■ About this exercise ■
For the data below, give again exactly the lines from the one containing "Colin Scott (British" through the one containing "Obverse: O.H. HEDBERG", both ends included, and no others.

■ Given data ■
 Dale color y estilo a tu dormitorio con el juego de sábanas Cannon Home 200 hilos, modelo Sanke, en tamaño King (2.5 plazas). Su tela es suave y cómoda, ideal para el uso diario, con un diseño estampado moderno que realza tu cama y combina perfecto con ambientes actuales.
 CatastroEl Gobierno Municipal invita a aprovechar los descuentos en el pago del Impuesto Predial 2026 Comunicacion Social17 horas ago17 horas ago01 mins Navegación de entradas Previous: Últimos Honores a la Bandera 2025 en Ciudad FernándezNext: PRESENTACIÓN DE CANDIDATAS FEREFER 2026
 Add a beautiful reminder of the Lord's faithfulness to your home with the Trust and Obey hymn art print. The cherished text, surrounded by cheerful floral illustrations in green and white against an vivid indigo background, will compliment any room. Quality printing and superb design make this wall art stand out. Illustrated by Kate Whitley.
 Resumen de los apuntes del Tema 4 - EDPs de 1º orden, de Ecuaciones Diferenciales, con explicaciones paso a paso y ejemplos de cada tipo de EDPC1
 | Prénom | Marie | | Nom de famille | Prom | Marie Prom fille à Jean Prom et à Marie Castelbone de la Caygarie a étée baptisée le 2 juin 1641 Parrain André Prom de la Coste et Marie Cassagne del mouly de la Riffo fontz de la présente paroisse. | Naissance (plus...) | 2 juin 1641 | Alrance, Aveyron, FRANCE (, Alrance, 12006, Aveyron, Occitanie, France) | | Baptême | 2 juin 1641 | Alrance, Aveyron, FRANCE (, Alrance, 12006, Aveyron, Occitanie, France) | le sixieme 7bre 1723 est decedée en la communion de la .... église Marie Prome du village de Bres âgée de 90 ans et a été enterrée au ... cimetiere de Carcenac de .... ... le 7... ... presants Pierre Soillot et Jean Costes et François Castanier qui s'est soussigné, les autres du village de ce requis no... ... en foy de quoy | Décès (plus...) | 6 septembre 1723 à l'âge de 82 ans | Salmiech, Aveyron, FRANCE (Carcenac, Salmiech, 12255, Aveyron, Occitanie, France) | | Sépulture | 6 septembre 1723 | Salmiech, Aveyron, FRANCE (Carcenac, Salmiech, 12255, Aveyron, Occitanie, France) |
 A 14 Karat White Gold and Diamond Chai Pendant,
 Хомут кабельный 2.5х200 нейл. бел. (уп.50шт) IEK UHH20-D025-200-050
...
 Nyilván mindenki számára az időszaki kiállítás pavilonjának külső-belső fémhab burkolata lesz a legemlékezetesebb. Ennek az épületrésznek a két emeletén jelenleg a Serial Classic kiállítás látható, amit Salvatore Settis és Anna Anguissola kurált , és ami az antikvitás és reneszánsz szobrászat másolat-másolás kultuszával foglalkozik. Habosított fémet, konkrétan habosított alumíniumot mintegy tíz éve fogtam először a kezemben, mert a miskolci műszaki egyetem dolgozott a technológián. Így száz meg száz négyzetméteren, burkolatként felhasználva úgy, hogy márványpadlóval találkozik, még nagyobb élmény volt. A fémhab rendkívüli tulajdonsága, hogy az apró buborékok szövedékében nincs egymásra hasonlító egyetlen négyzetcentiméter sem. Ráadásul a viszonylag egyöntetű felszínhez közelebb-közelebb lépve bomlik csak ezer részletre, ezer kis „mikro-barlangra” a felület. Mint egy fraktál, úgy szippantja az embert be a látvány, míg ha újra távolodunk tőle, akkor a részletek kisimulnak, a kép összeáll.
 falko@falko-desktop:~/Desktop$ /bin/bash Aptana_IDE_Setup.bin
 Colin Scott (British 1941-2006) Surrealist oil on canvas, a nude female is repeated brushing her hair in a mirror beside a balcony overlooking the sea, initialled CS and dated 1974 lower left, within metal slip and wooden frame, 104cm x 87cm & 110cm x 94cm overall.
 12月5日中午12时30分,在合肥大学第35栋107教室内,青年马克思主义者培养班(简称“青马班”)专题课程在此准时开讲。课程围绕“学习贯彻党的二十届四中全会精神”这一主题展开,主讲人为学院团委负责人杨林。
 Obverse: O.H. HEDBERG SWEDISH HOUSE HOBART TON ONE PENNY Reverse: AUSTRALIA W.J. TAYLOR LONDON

■ Task result ■
 Colin Scott (British 1941-2006) Surrealist oil on canvas, a nude female is repeated brushing her hair in a mirror beside a balcony overlooking the sea, initialled CS and dated 1974 lower left, within metal slip and wooden frame, 104cm x 87cm & 110cm x 94cm overall.
 12月5日中午12时30分,在合肥大学第35栋107教室内,青年马克思主义者培养班(简称“青马班”)专题课程在此准时开讲。课程围绕“学习贯彻党的二十届四中全会精神”这一主题展开,主讲人为学院团委负责人杨林。
 Obverse: O.H. HEDBERG SWEDISH HOUSE HOBART TON ONE PENNY Reverse: AUSTRALIA W.J. TAYLOR LONDON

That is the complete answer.